▸ ABOUT THIS EXERCISE:
Output the records below verbatim, minus the pictures.
*** PROVIDED RECORDS Section Begins ***
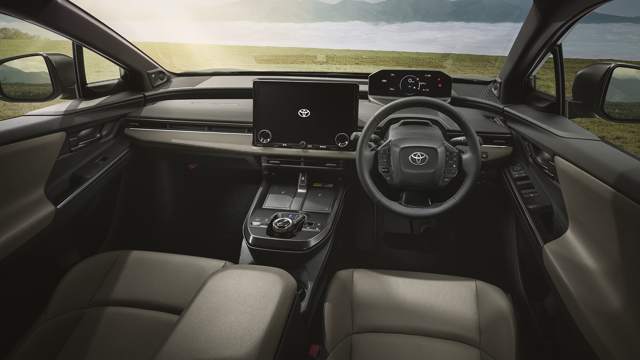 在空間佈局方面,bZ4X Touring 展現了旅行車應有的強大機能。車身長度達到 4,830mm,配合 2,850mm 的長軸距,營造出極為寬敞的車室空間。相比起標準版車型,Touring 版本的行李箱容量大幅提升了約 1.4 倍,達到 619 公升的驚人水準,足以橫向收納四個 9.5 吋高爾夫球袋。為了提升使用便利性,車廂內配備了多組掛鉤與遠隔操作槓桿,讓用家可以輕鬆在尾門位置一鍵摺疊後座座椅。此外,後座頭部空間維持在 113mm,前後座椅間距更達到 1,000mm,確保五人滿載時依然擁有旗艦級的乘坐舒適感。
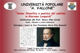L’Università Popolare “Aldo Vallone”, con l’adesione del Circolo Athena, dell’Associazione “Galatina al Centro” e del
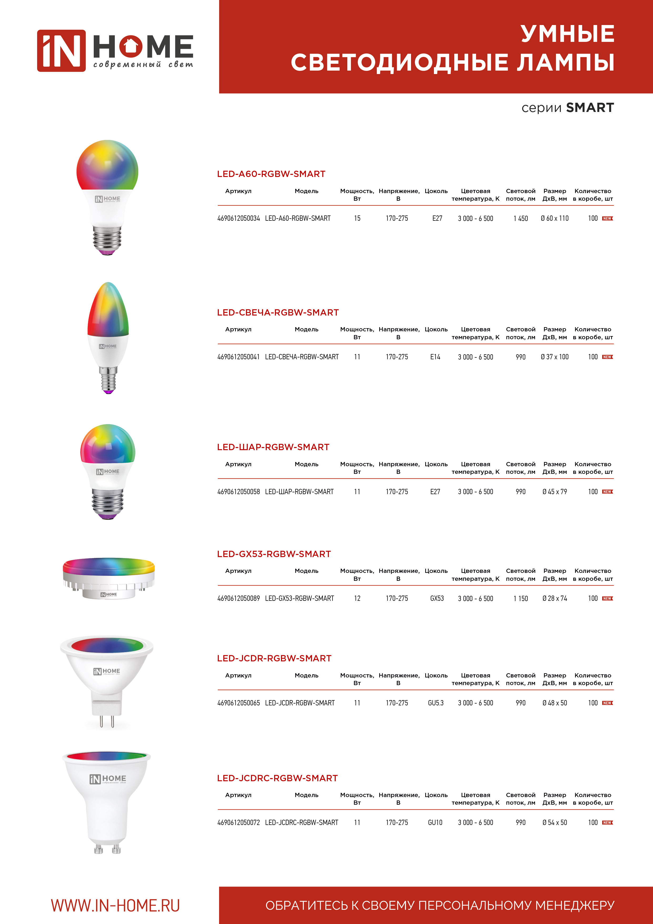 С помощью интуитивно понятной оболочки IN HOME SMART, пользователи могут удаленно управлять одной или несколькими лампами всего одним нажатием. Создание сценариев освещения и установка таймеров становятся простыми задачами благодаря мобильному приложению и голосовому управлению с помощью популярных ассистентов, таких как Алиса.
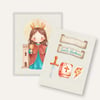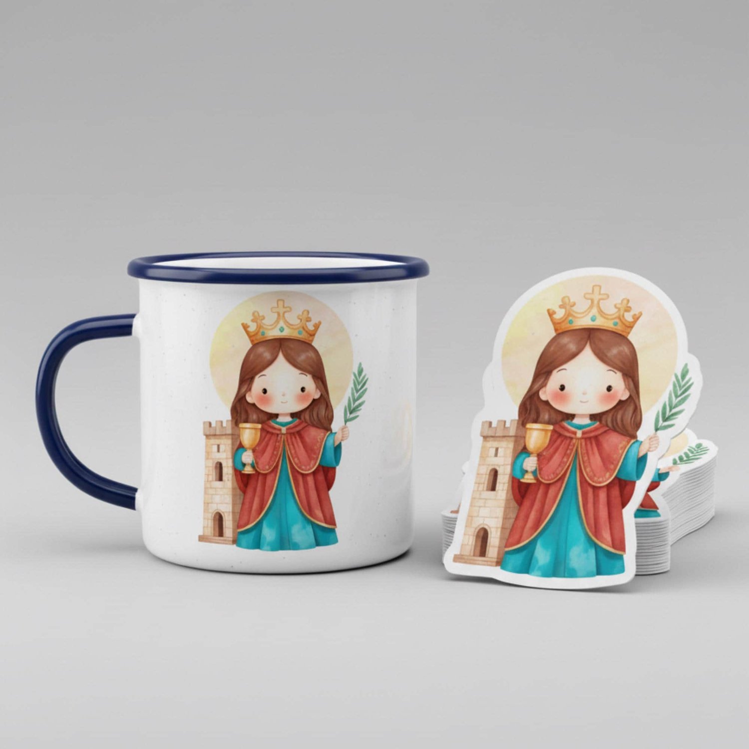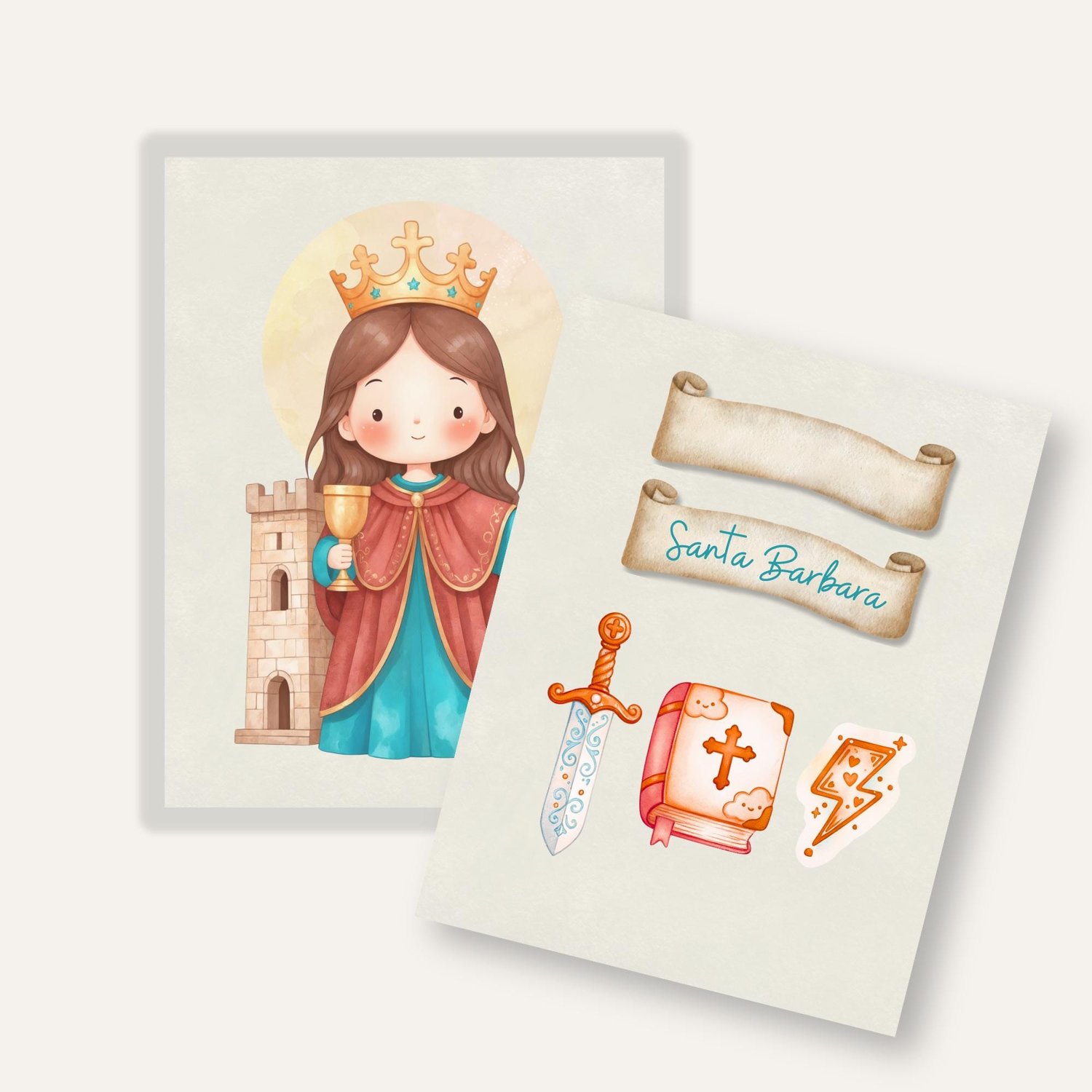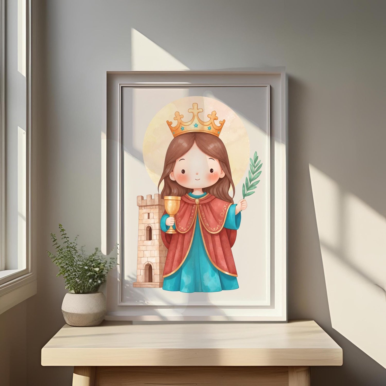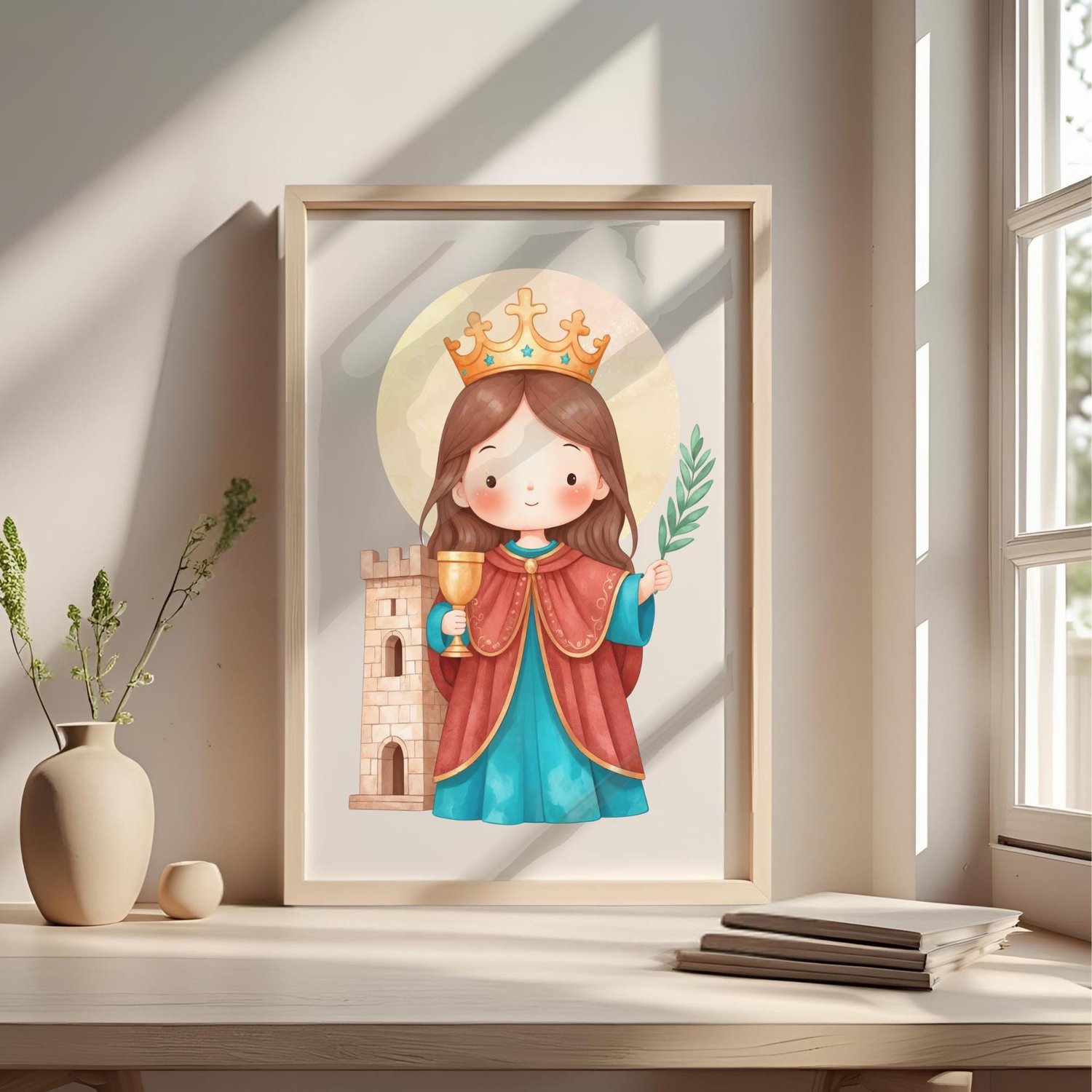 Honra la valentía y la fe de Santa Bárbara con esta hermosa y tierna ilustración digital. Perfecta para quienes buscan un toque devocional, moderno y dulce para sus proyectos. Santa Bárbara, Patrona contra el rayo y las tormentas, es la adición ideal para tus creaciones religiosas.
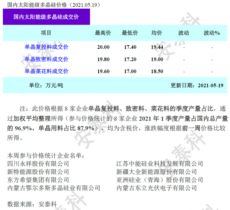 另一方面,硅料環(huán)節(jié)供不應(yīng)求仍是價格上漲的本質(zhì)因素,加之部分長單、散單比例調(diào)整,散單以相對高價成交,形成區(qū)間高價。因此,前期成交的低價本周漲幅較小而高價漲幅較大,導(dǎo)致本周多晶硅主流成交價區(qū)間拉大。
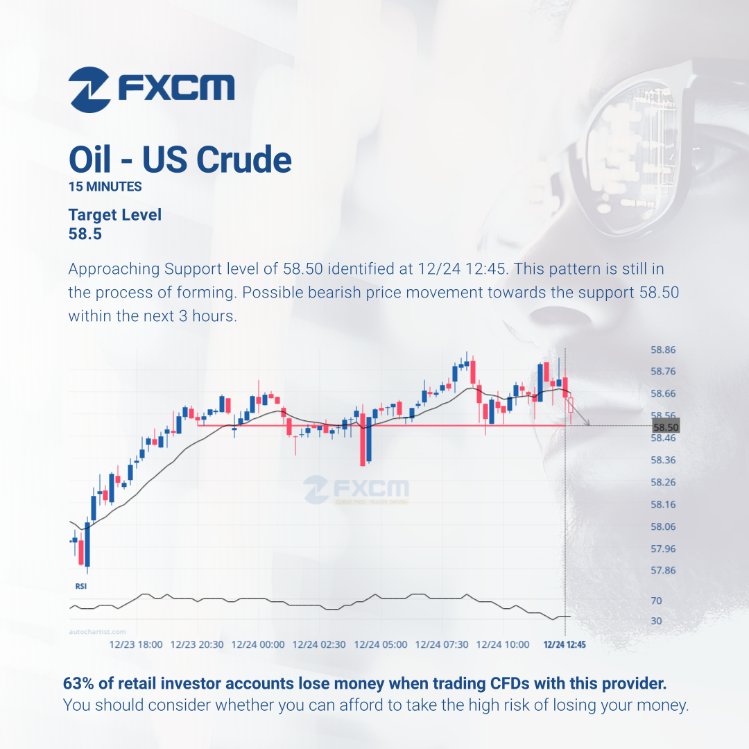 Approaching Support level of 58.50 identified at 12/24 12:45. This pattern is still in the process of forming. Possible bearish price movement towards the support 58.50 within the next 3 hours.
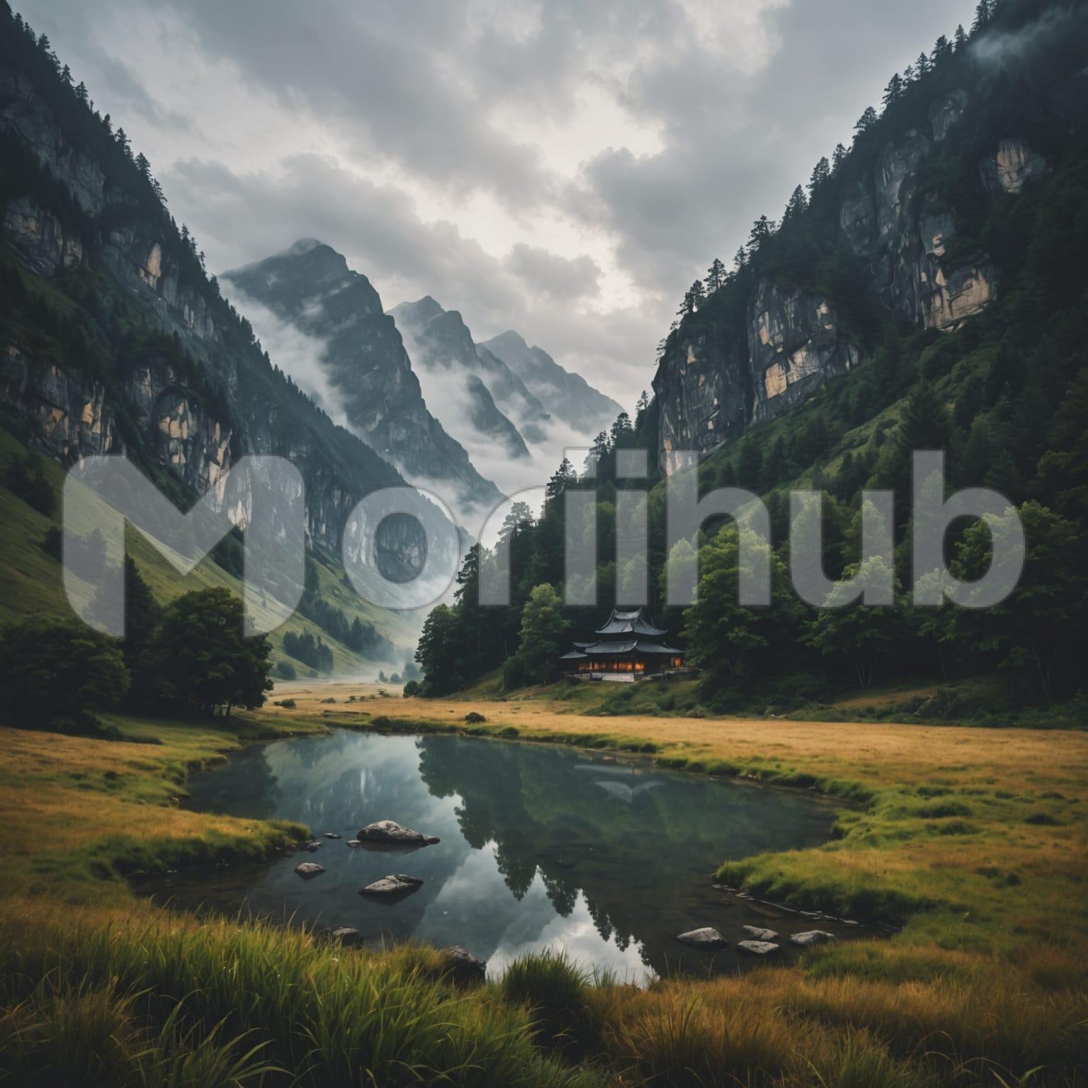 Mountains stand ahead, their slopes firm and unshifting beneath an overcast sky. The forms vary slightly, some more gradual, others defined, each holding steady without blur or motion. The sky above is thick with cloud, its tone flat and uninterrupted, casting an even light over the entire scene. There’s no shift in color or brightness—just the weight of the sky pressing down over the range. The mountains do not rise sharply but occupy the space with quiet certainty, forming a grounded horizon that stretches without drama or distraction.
*** PROVIDED RECORDS Section Ends ***
▸ WRITTEN SOLUTION:
 在空間佈局方面,bZ4X Touring 展現了旅行車應有的強大機能。車身長度達到 4,830mm,配合 2,850mm 的長軸距,營造出極為寬敞的車室空間。相比起標準版車型,Touring 版本的行李箱容量大幅提升了約 1.4 倍,達到 619 公升的驚人水準,足以橫向收納四個 9.5 吋高爾夫球袋。為了提升使用便利性,車廂內配備了多組掛鉤與遠隔操作槓桿,讓用家可以輕鬆在尾門位置一鍵摺疊後座座椅。此外,後座頭部空間維持在 113mm,前後座椅間距更達到 1,000mm,確保五人滿載時依然擁有旗艦級的乘坐舒適感。
L’Università Popolare “Aldo Vallone”, con l’adesione del Circolo Athena, dell’Associazione “Galatina al Centro” e del
 С помощью интуитивно понятной оболочки IN HOME SMART, пользователи могут удаленно управлять одной или несколькими лампами всего одним нажатием. Создание сценариев освещения и установка таймеров становятся простыми задачами благодаря мобильному приложению и голосовому управлению с помощью популярных ассистентов, таких как Алиса.
 Honra la valentía y la fe de Santa Bárbara con esta hermosa y tierna ilustración digital. Perfecta para quienes buscan un toque devocional, moderno y dulce para sus proyectos. Santa Bárbara, Patrona contra el rayo y las tormentas, es la adición ideal para tus creaciones religiosas.
 另一方面,硅料環(huán)節(jié)供不應(yīng)求仍是價格上漲的本質(zhì)因素,加之部分長單、散單比例調(diào)整,散單以相對高價成交,形成區(qū)間高價。因此,前期成交的低價本周漲幅較小而高價漲幅較大,導(dǎo)致本周多晶硅主流成交價區(qū)間拉大。
 Approaching Support level of 58.50 identified at 12/24 12:45. This pattern is still in the process of forming. Possible bearish price movement towards the support 58.50 within the next 3 hours.
 Mountains stand ahead, their slopes firm and unshifting beneath an overcast sky. The forms vary slightly, some more gradual, others defined, each holding steady without blur or motion. The sky above is thick with cloud, its tone flat and uninterrupted, casting an even light over the entire scene. There’s no shift in color or brightness—just the weight of the sky pressing down over the range. The mountains do not rise sharply but occupy the space with quiet certainty, forming a grounded horizon that stretches without drama or distraction.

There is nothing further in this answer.